Thanks, I have three more questions:

  1. The default CHUNK-LENGTH is 180, which means the model predicts every 180 frames, and the final 1-minute MAE is obtained by averaging. Assuming the camera is 30 frames per second, the result is the average of 10 MAEs at 180 frames. Is it similar to taking the average of 10 heart rate results at 180 frames for calculating a heart rate for 1 minute?
  2. When predicting 180 frames (i.e. predicting every 6 seconds with N set to 2048), I found that accurate prediction can only be made when the face is stationary, and speaking can cause drastic fluctuations in the results. Is this normal? (My training set includes speech scenes)
  3. Sometimes, when predicting 180 frames, the predicted result may be twice or one-half of the true value. The GPT answer is caused by harmonics, and I used the Welch method as well. So, what post-processing can we do to avoid it or detect that this value is harmonic?
girishvn commented 5 months ago
  1. The current chunk-length is 180 (6 seconds if fs = 30). This is similar, but not that HR != MAE. MAE is the error on the HR estimation. If you are interesting in deriving a single MAE value and single HR estimate for a minute long video, you can change the chunk-length to 1800 (60 seconds).
  2. Yes speaking and motion artifcacts can cause significant loss of performance in results. I would refer to the section Motion Augmented Training in the ReadME to learn about how motion augmentations can be used to improve in these scenarios.
  3. Do you band-pass filter your predicted signal around the HR frequency range? If not this may help. Otherwise it is possible that there are harmonics present. You can try to implement a harmonic comb or similar functionality though it is not always straightforward to do.
408550969 commented 5 months ago

1.Why is the default chunk length set to 180 during training, instead of 1800 or 90? Does this have any impact on accuracy?

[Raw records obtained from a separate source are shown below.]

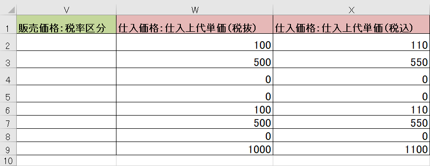 - V列「販売価格:税率区分」
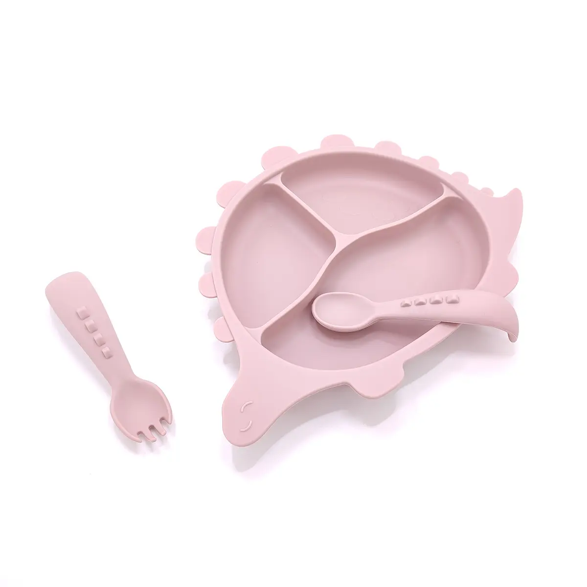 1 Plato de silicona 3 divisiones dino, 1 Bolw de silicona dino, 1 Babero de silicona, 1 vaso de silicona con tapa y cañita honey, 1 tapa porta snack, 1 set de cubiertos de silicona cuchara y tenedor dino.
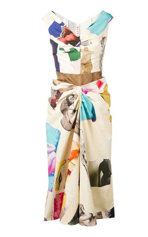 Vestido de seda corto, con escote, sin mangas color beige claro con estampado de figuras multicolor, perteneciente a la colección primavera-verano 2019 de la firma Marni. Madonna usó este vestido por primera vez durante la rueda de prensa del álbum «Madame X» realizada en Londres en junio de 2019 y luego volvería a repetirlo durante su celebración del año nuevo 2020 mientras vacacionaba con su familia en Maldivas.
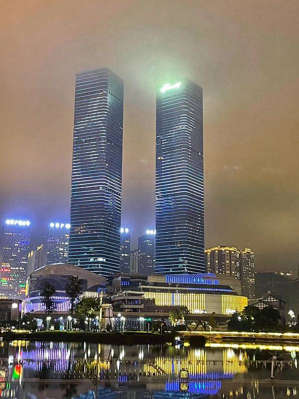 欣赏双子塔和白宫的最佳位置就是黄果园购物中心宜北町旁边的广场。黄果园购物中心吃的还挺多,逛累了可以选择一个靠窗的位置点餐。花果园双子塔

2.What is the appropriate ratio for controlling static and moving scenes? My current ratio of static to speech scene duration is 3:1

3.I have already added a band pass filter, and I will consider adding some post-processing to alleviate these issues in the future

4.Another question is, which model is more robust to speaking and motion artifacts? I am currently using EfficientPhys

girishvn commented 5 months ago
  1. A) the amount of VRAM of the gpu you are running on which decides the size of a batch, and thus the level of batch variance. B) an understanding of how difficult the task is. The longer the clip the easer the task as you are averaging heart across more time, and thus are able to average out some noise. 180 was chosen to match existing literature. I would consider 90 to also be a valid reporting metric.
  2. This depends on the dataset - I do not have these number of mind.
  3. As I mentioned - motion augmentations during training are important in helping alleviate motion noise. I would use any of the MA models we have released. For eg. MA-UBFC_efficientphys.pth. These days most models are comparable. So it is important to experiment to figure out works best for your use case.
408550969 commented 5 months ago

Thank you very much for your answer!